Was das Limmatstädtchen von Zürich lernen kann, diskutierten Stadtforscher und Badener im «Royal»
Was braucht es, um Verdichtung als Qualität zu erleben? Wo fängt Urbanität an? Wie erhält man die Liebe zu einer Stadt über längere Zeit?
Am Donnerstag fand im «Royal» der zweite Teil der Podiumstrilogie «Was heisst schon urban» statt. Während zweier Stunden erörterten die fünf Podiumsteilnehmer unter der Leitung von Journalist Urs Tremp im «Royal», welche Faktoren einer Stadt Ausstrahlung verleihen.
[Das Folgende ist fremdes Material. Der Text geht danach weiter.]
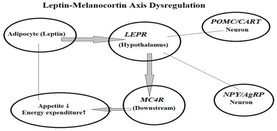 Genetic and Molecular Factors in Obesity: Leptin–Melanocortin Axis Dysregulation: Schematic representation of the leptin–melanocortin signaling pathway and its dysregulation in obesity. Leptin, secreted from adipocytes, binds to leptin receptors (LEPR) in the hypothalamus. This interaction activates pro-opiomelanocortin (POMC) and cocaine- and amphetamine-regulated transcript (CART) neurons, while simultaneously inhibiting neuropeptide Y (NPY) and agouti-related peptide (AgRP) neurons. The cascade subsequently activates the downstream melanocortin-4 receptor (MC4R), leading to reduced appetite (↓) and increased energy expenditure (↑).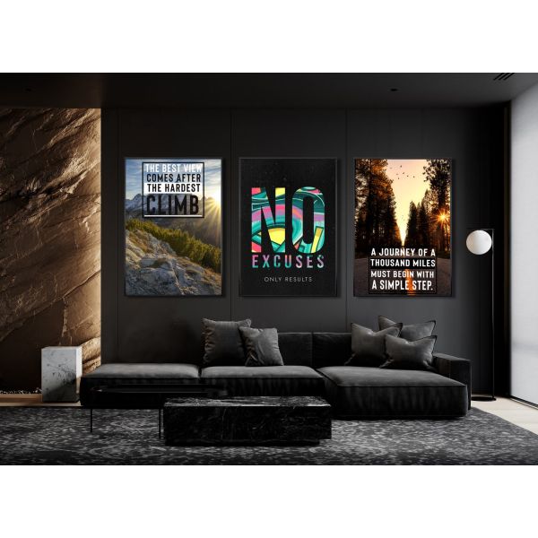 Enhance your living space with this set of motivational quote posters. Featuring phrases like 'The best view comes after the hardest climb', 'No excuses, only results', and 'A journey of a thousand miles must begin with a simple step', these posters act as a daily source of inspiration. Perfect for any room, their striking design complements both modern and traditional decor. Product contains a set of 3 posters only.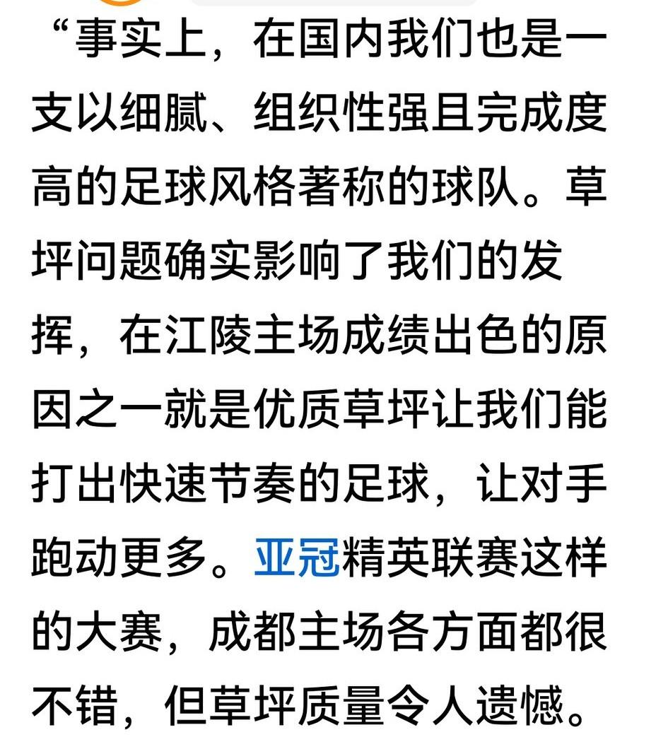 K国人赢球很得意,输球理由就一大堆。江源FC这次输球,主帅郑暻镐主喷的是凤凰山的草皮。 凤凰山的草皮很差吗?但经亚足联官方多次验收合格;江源的体能很好吗?可惜有2人早早抽筋倒地;江源的技术出色吗?但也没啥绝对的得分机会。 虽然承认韩国足、K联赛水平高于我们,这场1:0的比分有偶然性,但郑暻镐输不起的说词还是让人瞧不起。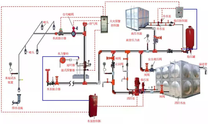 消防泵、穩(wěn)壓泵、氣壓罐、閘閥、消防水箱、水泵控制電箱、管網(wǎng)壓力表、電接點(diǎn)壓力表、泄壓閥、柔性接頭、過濾器、泄水閥、DN100鍍鋅管、濕式報警閥組、干式閥組、預(yù)作用閥組、雨淋閥組、末端試水裝置、各種噴頭、信號蝶閥、水指、排氣閥、末端試水箱 |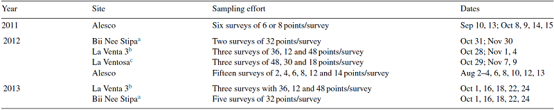 At the time of our observations, La Venta II was an operational wind farm whose area was composed by a matrix of pastureland, sorghum crops, and patches of deciduous dry forest (16°35′29.45″ N, 94°48′41.91″ W; 36 m asl). In 2010, we worked at Unión Fenosa, at the time it was an area proposed for the development of a wind-energy project; most of its area was covered by deciduous dry forest but also had portions of pastureland (16°26′0.94″ N, 94°48′36.61″ W; 13 m asl). In 2011 we worked in 3 sites: La Venta II, Alesco and Oaxaca 1; Alesco was an area proposed for wind-energy development covered mainly by deciduous dry forest and pastureland (16°27′28.24″ N, 94°54′36.54″ W; 5 m asl); Oaxaca 1 was a wind farm on the final stage of construction (not operating yet), the area not occupied by service roads or service areas for wind turbines was covered by deciduous dry forest (16°33′42.60″ N, 94°42′42.93″ W; 39 m asl). In 2012, we worked at La Venta II and Peñoles; the latter was an operational wind farm, with most of its area covered by deciduous dry forest (16°35′12.18″ N, 94°59′53.62″ W; 66 m asl). In 2013, we worked in La Venta II, Oaxaca 1 and C.E. Santo Domingo; C.E. Santo Domingo was an operational wind farm with wind turbines intermixed with sorghum crops (16°30′31.82″ N, 94°46′27.76″ W; 22 m asl); Figure 1 shows the location of our study sites, and the arrangement of wind turbines for those operational wind farms. Monitoring periods, as well as starting and ending dates of observations, differed each year (Fig. 2).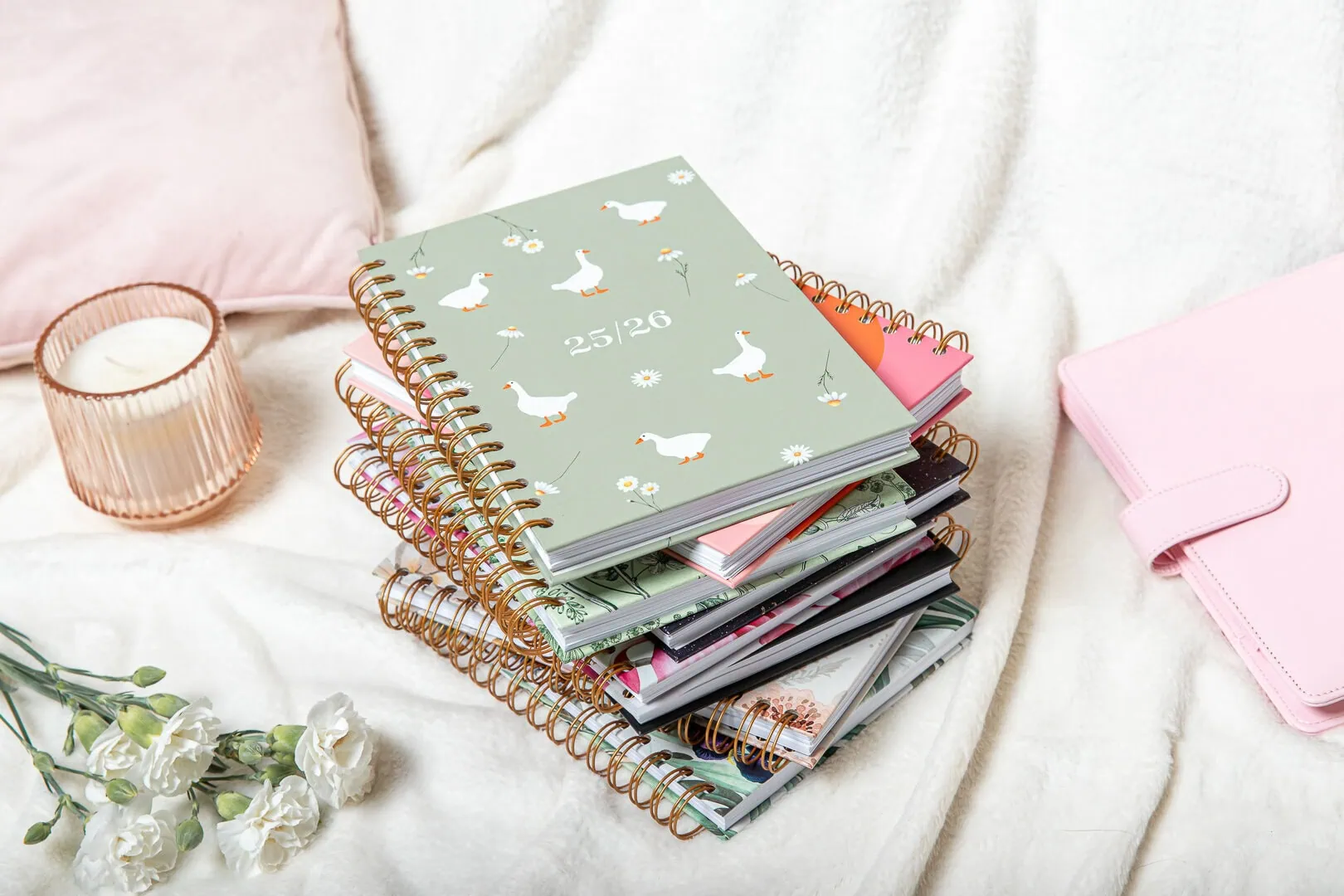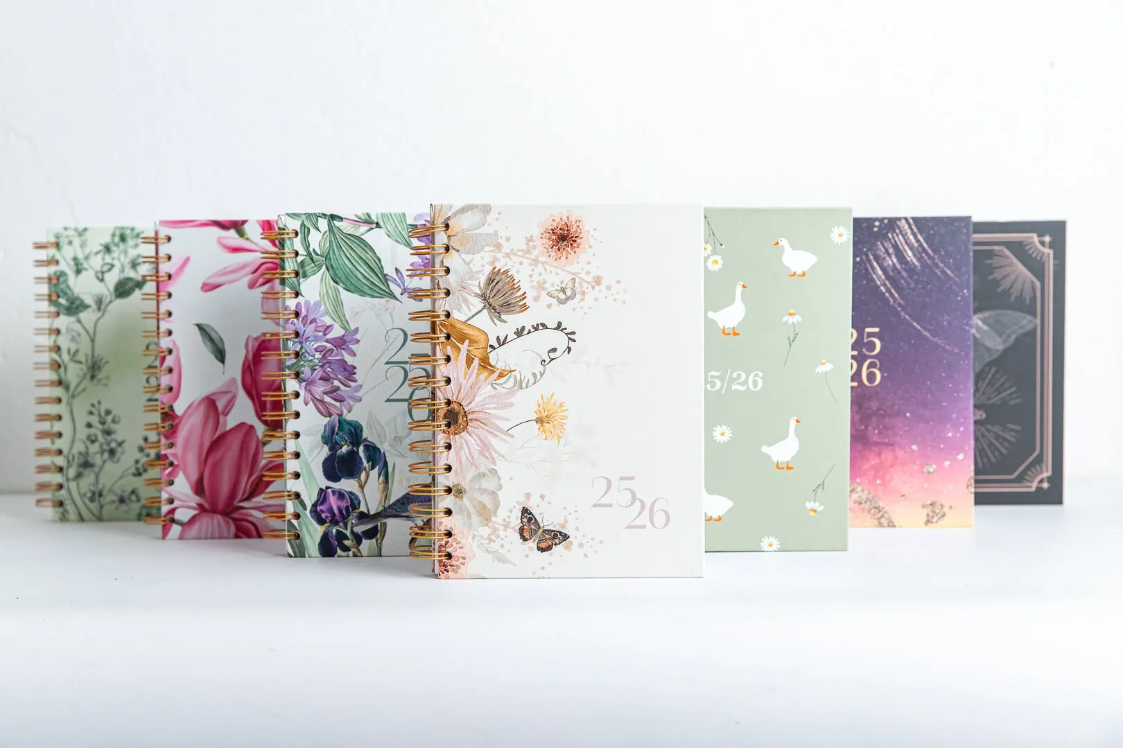Planer skincare - prócz szablonów dotyczących organizacji - zawiera też po prostu kalendarz. Wybieraj spośród wielu wzorów twardych okładek i ciesz się datowanym wkładem od 28 lipca 2025 do 2 sierpnia 2026. Okładka jest bardzo wytrzymała i funkcjonalna - posiada gumkę spinającą oraz ma możliwość dodania koperty na drobiazgi.

Dabei bewegten sie sich zwischen Politik und Kultur, zwischen wissenschaftlichen Studien und persönlichen Erlebnissen, zwischen Baden und Zürich.
«Baden lebt», sagt Robert Sailer überzeugt, «Baden lebt am Tag und Baden lebt in der Nacht». Sailer ist Präsident der «City Com Baden» und davon überzeugt, dass vor allem die Menschen den Grundstein für die erfolgreiche Entwicklung einer Stadt legen: «Die modernen Badener, die zwar wegziehen, aber am Schluss immer wieder zurückkommen.»
Genau so erging es auch Autorin Bila Sibylle Ciarloni. Sie wuchs in Baden auf, zog dann nach Zürich und kehrte vor einigen Jahren wieder nach Baden zurück. «Wegen der Liebe», erklärt sie, «also wegen der privaten Liebe». In der Kleinstadt Baden vermisse sie jetzt vor allem die Anonymität – und das Bäderquartier: «Das ist ein Gebiet in Baden, bei dem einiges falsch gemacht wurde, denn viele Möglichkeiten wurden nicht genutzt. Für mich ist Urbanität dann positiv, wenn leer stehende Räume zwischengenutzt werden können.»
Eine Fachfrau für Zwischennutzung ist Podiumsteilnehmerin Vesna Thomse. Die Stadtsoziologin sieht zwischen der derzeitigen Entwicklung von Baden und jener der Stadt Zürich der 90-er Jahre einen klaren Zusammenhang: «Zürich wurde damals von der Investorenwalze überrollt und gewisse belebte Quartiere verwandelten sich so in tote Orte. Jetzt realisiert man langsam, welche urbanen Qualitäten es zu fördern gilt.» Einer ähnlichen Meinung ist Wirtschafts- und Sozialgeograf Philip Klaus. Als Stadtforscher hat er sich vor allem mit den sozialen Beziehungen der Stadtbewohner auseinandergesetzt. Er betont, dass das Leben in einer Grossstadt nicht überall gleich ist: «In Zürich beispielsweise gibt es durchaus Gebiete, welche schon fast dorfähnlichen Charakter aufweisen.»
Zürich wurde aber nicht nur als Grossstadt-Exempel thematisiert, sondern auch als Konkurrenz zu Baden. Thomas Lütolf, Leiter des Standortmarketing Baden, sagte dazu: «Die Zugwirkung von Zürich ist ganz klar zu spüren und sicher eine Herausforderung. Jedoch können wir auch als Subzentrum unsere eigene Identität leben.»